Recreated from [21] using the in silico NLIF neuron. The solid line is the First Passage Time Probability Density (Likelihood) of the NLIF firing computed with Monte Carlo simulations (30 000 iterations). The dashed line is the best fit of a normal probability distribution and the dot-dashed line is the best fit of a lognormal probability distribution. It is easily seen that the lognormal distribution approximates the likelihood much better than the normal distribution.

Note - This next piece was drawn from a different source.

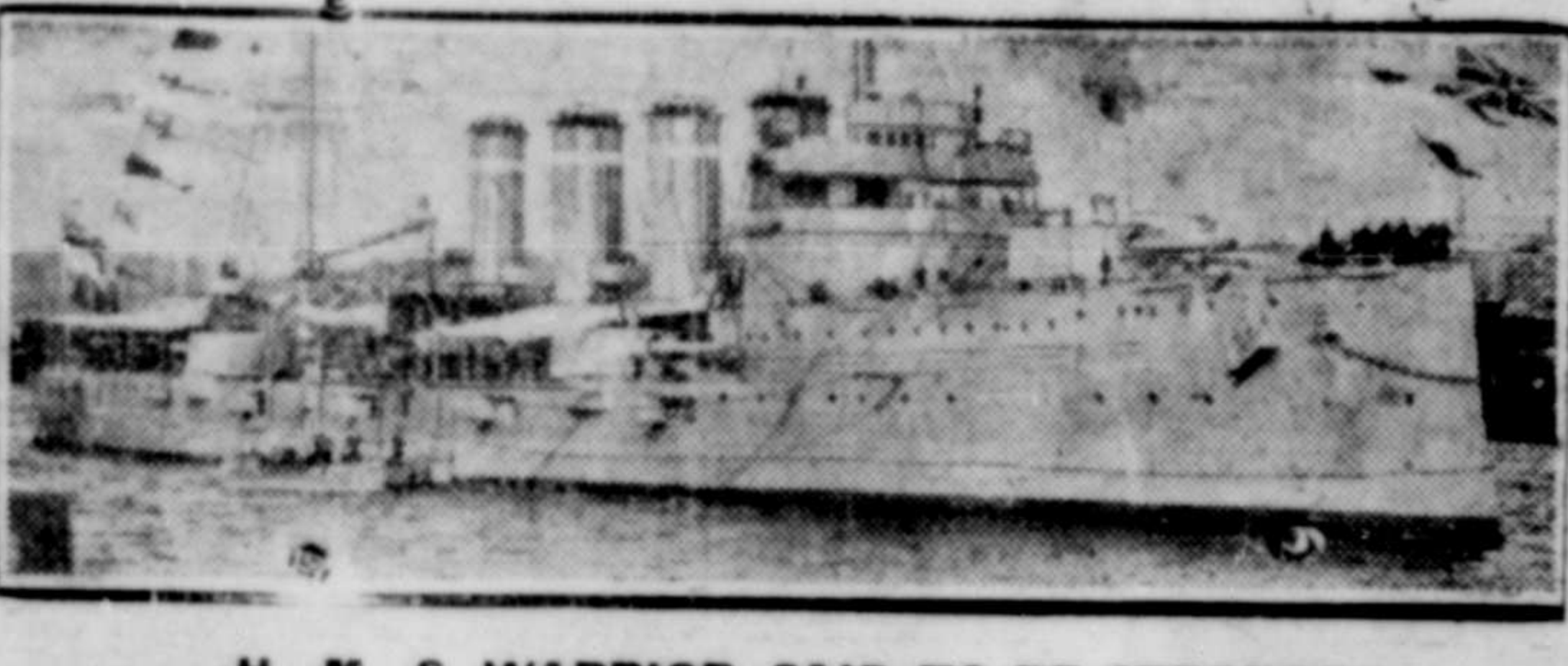
H. M. S. WARRIOR, SAID TO BE STRANDED. At the outbreak of the war this cruiser was with the Mediterranean fleet and may now be in the Adriatic.

A. Configuring the NLIF Neuron for Bursting
To test the TRD method a very similar experiment to that used to test the Maximum Likelihood algorithm was conducted. Again the neuron’s parameters were hand tuned so that the model exhibits a rhythmic bursting pattern. The ISI’s of the burst were recorded and used as the target ISI’s. In this experiment the parameters X = {Vreset Iext, A1, A2, R1, R2} were optimized. The initial values of A1, A2, R1, R2 and were all set to zero and the remaining parameters were randomly assigned to fall on either the high or low boundary of their normal operating range. This range was chosen such that all transistors were kept in their desired operating modes as determined through schematic simulation. This ensured that the initial condition resulted in the neuron spiking at a rate far away from that observed in the desired bursting pattern and with no spike induced currents As discussed in Section II, where possible, existing knowledge of the neuron to be modeled should be taken into consideration. The synaptic time constants are often known and so the time constants of the spike induced currents were not added as free parameters to the model. The time constant of the excitatory spike induced current, I1, was set to 10 ms and the time constant of the inhibitory spike induced current, I2, was set to 50 ms.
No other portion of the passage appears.